Client welcome email prompt: Write a three-email welcome sequence for a new client of my [type of business, e.g. web design, bookkeeping, consulting] business. Email 1 (sent immediately after signup): Confirm the engagement, thank them, tell them exactly what happens next and when. Email 2 (sent 24 hours later): Introduce how we communicate, share access to the shared workspace, and include a short pre-kickoff checklist. Email 3 (sent 48 hours before kickoff call): Kickoff call agenda, what to prepare, and how to reschedule if needed. Tone: [e.g. professional and warm, direct and efficient] Business name: [name] My name: [name] Keep each email under 250 words. No corporate jargon.

Kickoff calls with Fireflies

The kickoff call is the highest-stakes part of onboarding. It sets scope, expectations, communication preferences, and the first milestone. Missing details in that call costs time later. Fireflies.ai records the call, transcribes it, and generates a summary with action items. Rachel pastes the summary into the client's Notion page within an hour of the call ending. The client gets a copy, which also serves as a lightweight scope confirmation.

Frequently asked questions

How do I automate client onboarding?+

Start with a trigger: a signed contract, a completed intake form, or a payment confirmation. Connect that trigger to a Make.com automation that creates a HubSpot contact, sends a welcome email, and creates a Notion workspace for the client. Each of those steps used to be done manually. With Make.com connecting your tools, the entire sequence runs automatically the moment a client signs up.

What is the best tool for client onboarding?+

An automation layer such as Make.com can connect your intake form, CRM, email platform, and project tool into one sequence. HubSpot handles the CRM and email side, with tools like Notion for the client workspace and Fireflies for kickoff-call notes rounding out the stack.

Can Make.com automate onboarding?+

Yes. Make.com is designed exactly for this type of multi-step workflow. A common onboarding scenario: new Typeform submission triggers Make.com, which creates a HubSpot contact, adds them to an email sequence, creates a Notion page from a template, and sends you a Slack notification. All of this happens in under 60 seconds after the form is submitted.

How do freelancers onboard clients faster?+

The fastest freelancers have standardized their intake process so there are no back-and-forth emails gathering basic information.
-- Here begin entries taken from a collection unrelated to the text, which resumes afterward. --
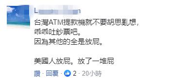 針對埃克斯的説法,有網民在該報道下跟帖稱“這是今年最好笑的笑話”,有島內網民稱,“以為中共艦隊是吃素的嗎?”“八隻小魚,最先被幹掉”。還有網民質疑《福布斯》,“Forbes什麼時候成了軍事雜誌?不懂的事情就別來插一腳笑掉大家大牙”。也有人批評民進黨當局,“乖乖吐鈔票吧,台灣ATM提款機就不要胡思亂想。”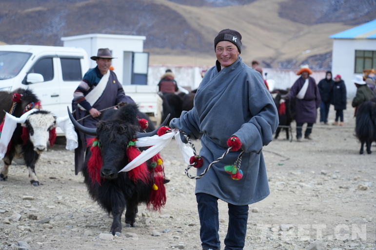 圖為藏比鄉(xiāng)昂倉村合作社分紅現(xiàn)場一家一戶分到一頭牦牛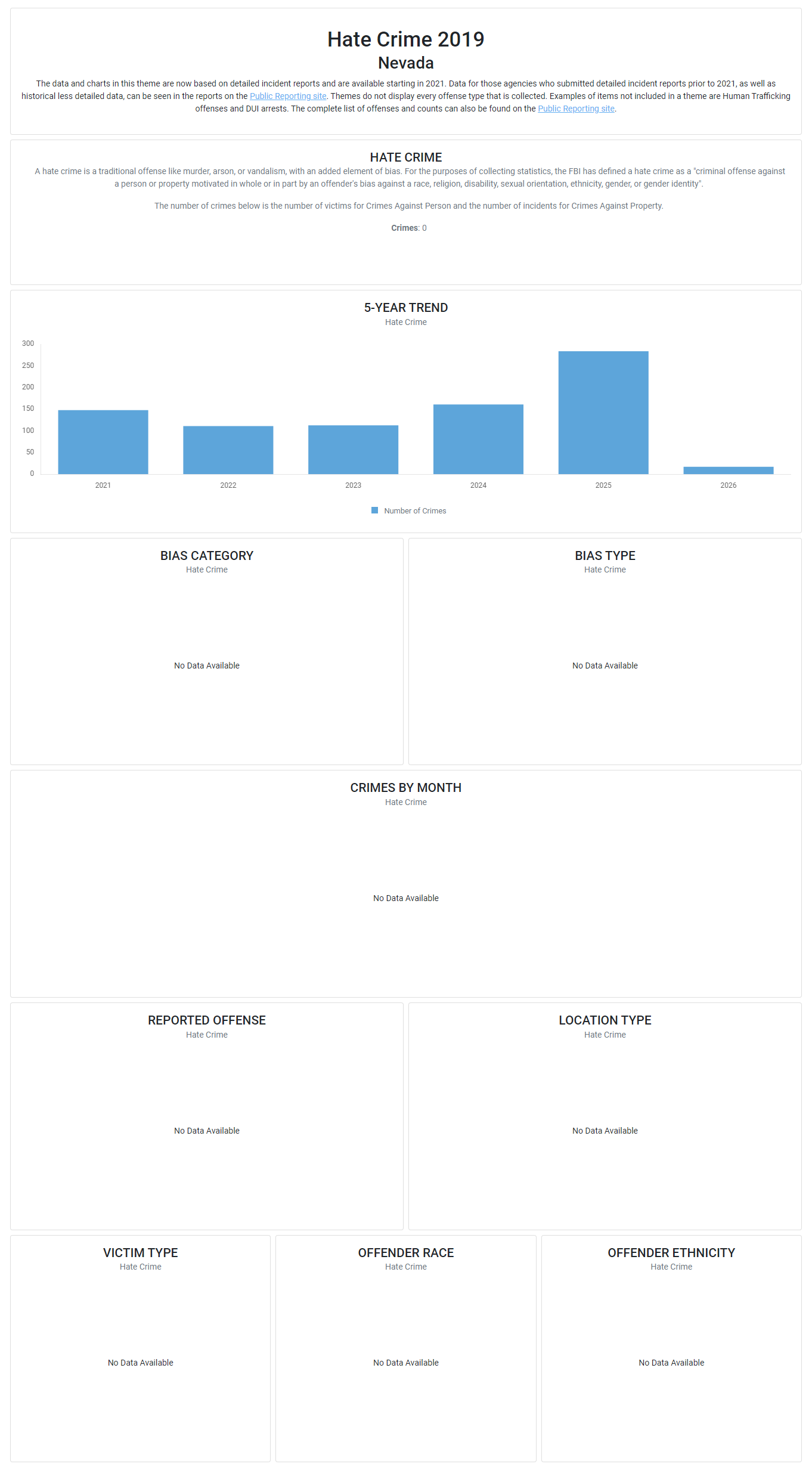 The data and charts in this theme are now based on detailed incident reports and are available starting in 2021. Data for those agencies who submitted detailed incident reports prior to 2021, as well as historical less detailed data, can be seen in the reports on the Public Reporting site. Themes do not display every offense type that is collected. Examples of items not included in a theme are Human Trafficking offenses and DUI arrests. The complete list of offenses and counts can also be found on the Public Reporting site.

A well-designed intake form collects everything upfront: project scope, timeline, budget, key contacts, file access needs. Automation then handles the administrative steps that follow. The freelancer shows up for the kickoff call, not for data entry.

What should a client onboarding process include?+

A complete onboarding process covers five areas: intake (gathering project information), contract and payment (legal agreement and first invoice), welcome communication (setting expectations for the working relationship), kickoff preparation (agenda, shared resources, access credentials), and the first deliverable brief (what is being built and by when). Automating the hand-offs between these steps is where the time savings come from.

How long should client onboarding take?+

For a freelancer or small agency, the administrative onboarding process should take under 30 minutes of your time per client once it is automated. The actual human interaction, the kickoff call and first check-in, might be another 60 to 90 minutes. Rachel onboards 12 clients in a quarter and spends about 45 minutes per client on onboarding tasks, down from 3 to 4 hours before automation.